*Records shown*
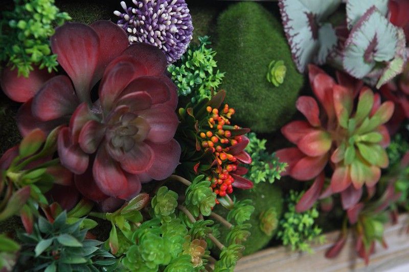 Decorativo y artístico mini jardin vertical, con combinacion de musgo y especies tropicales y plantas crasas Marco de madera envejecida para contrastar con tus muebles mas minimalistas
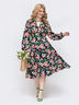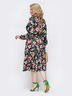 Пёстрое платье в крупный цветочный принт с перфорацией у горловины. Модель с широкими рукавами, собранными на манжетах. Силуэтности изделию придаёт эластичная деталь в поясе.
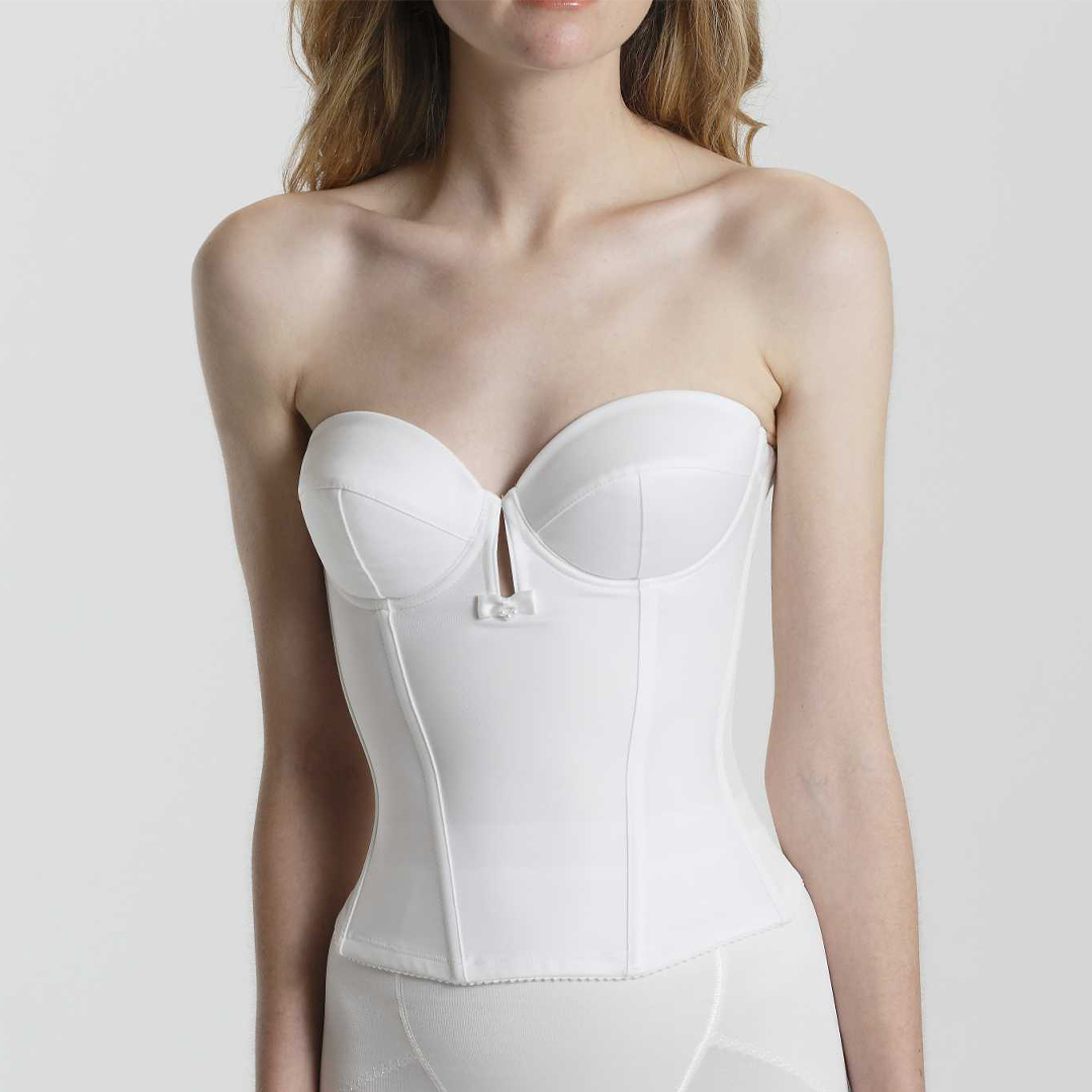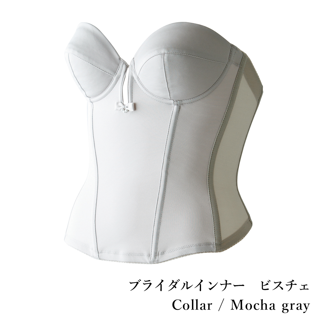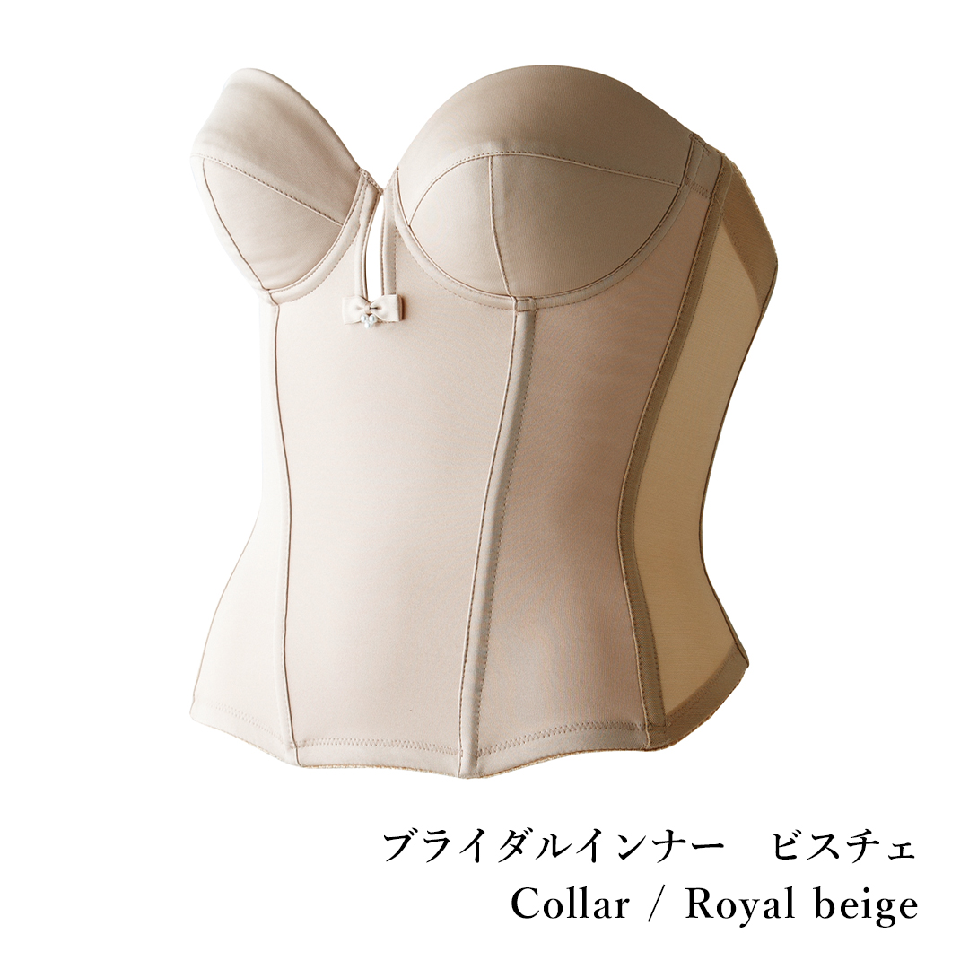 一番人気のブライダルインナー”脇肉・カップ浮き解消””理想的なクビレ実現”様々なドレスに対応できるノンレースタイプ。定番色のオフホワイト、透明感を演出するモカグレー、お肌との一体感を引き出すロイヤルベージュの3色展開。
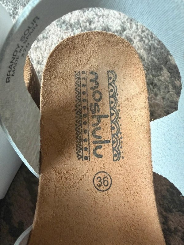 The Moshulu Strappy Wedge Sandals in White and Yellow is made from leather.
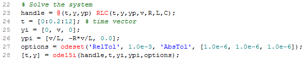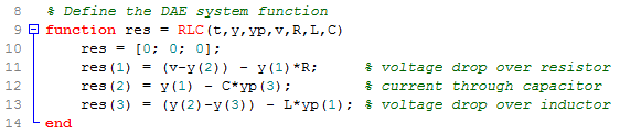 This tutorial will solve the series RLC circuit, subject to a constant voltage by formulating it as a differential algebraic equation.
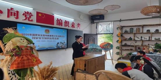 走进农坝小学竹编工艺坊,开展“编织防线·非遗匠心护国安”主题活动。这里,竹篾不再是普通的手工材料。一幅幅主题竹编作品,巧妙融入了国家安全、保密教育元素——非遗技艺与国安理念,在这里“编”在了一起。随后进行的“竹篓藏安·有奖竞答”趣味赛将活动推向高潮。特色竹篓内藏有涵盖多领域保护国家安全知识的问答卡,孩子们争相抽题、抢答,笑声与掌声此起彼伏。“原来国家安全离我们这么近!”一名五年级学生说。
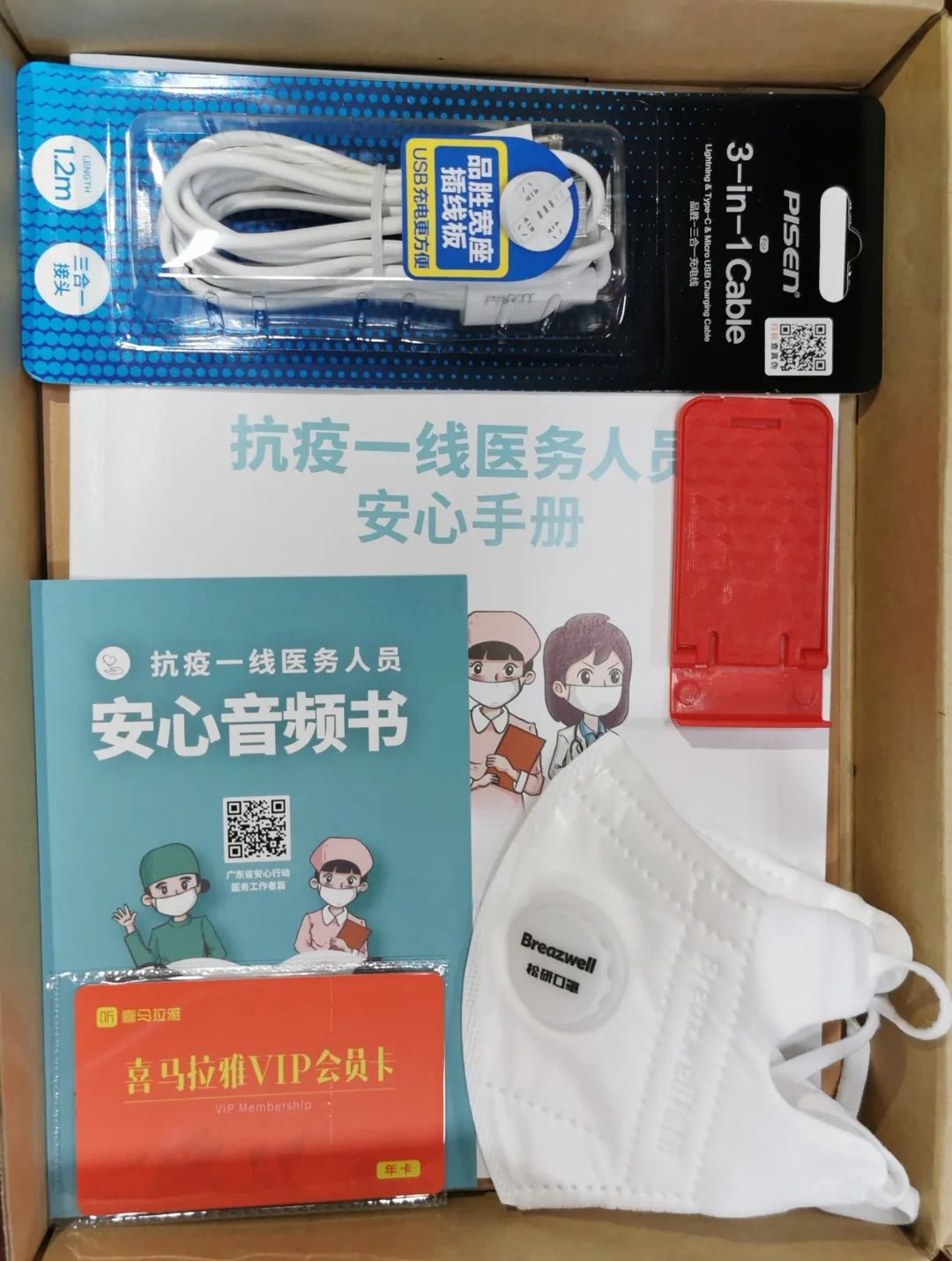 這是一個(gè)20x28cm2的普通牛皮紙紙盒,里面最顯眼的,是一本《安心手冊(cè)》,一張“抗疫一線(xiàn)醫(yī)務(wù)人員安心音頻書(shū)”卡,一張音頻APP的有聲書(shū)卡,和兩個(gè)N95口罩。此外,筆記本、筆、手機(jī)充電線(xiàn)、手機(jī)支架,也都細(xì)心地配全了。紙盒旁還放著一個(gè)小巧玲瓏的智能聲控音箱,使用者“不沾手”就能使用,防止病毒傳播。小東西里,也藏著大關(guān)愛(ài)。

*Exercise details*
Before duplicating, set the pictures aside; then output exactly the lines from the one with "This tutorial will" through the end of the records, and only those.

*Written response*
 This tutorial will solve the series RLC circuit, subject to a constant voltage by formulating it as a differential algebraic equation.
 走进农坝小学竹编工艺坊,开展“编织防线·非遗匠心护国安”主题活动。这里,竹篾不再是普通的手工材料。一幅幅主题竹编作品,巧妙融入了国家安全、保密教育元素——非遗技艺与国安理念,在这里“编”在了一起。随后进行的“竹篓藏安·有奖竞答”趣味赛将活动推向高潮。特色竹篓内藏有涵盖多领域保护国家安全知识的问答卡,孩子们争相抽题、抢答,笑声与掌声此起彼伏。“原来国家安全离我们这么近!”一名五年级学生说。
 這是一個(gè)20x28cm2的普通牛皮紙紙盒,里面最顯眼的,是一本《安心手冊(cè)》,一張“抗疫一線(xiàn)醫(yī)務(wù)人員安心音頻書(shū)”卡,一張音頻APP的有聲書(shū)卡,和兩個(gè)N95口罩。此外,筆記本、筆、手機(jī)充電線(xiàn)、手機(jī)支架,也都細(xì)心地配全了。紙盒旁還放著一個(gè)小巧玲瓏的智能聲控音箱,使用者“不沾手”就能使用,防止病毒傳播。小東西里,也藏著大關(guān)愛(ài)。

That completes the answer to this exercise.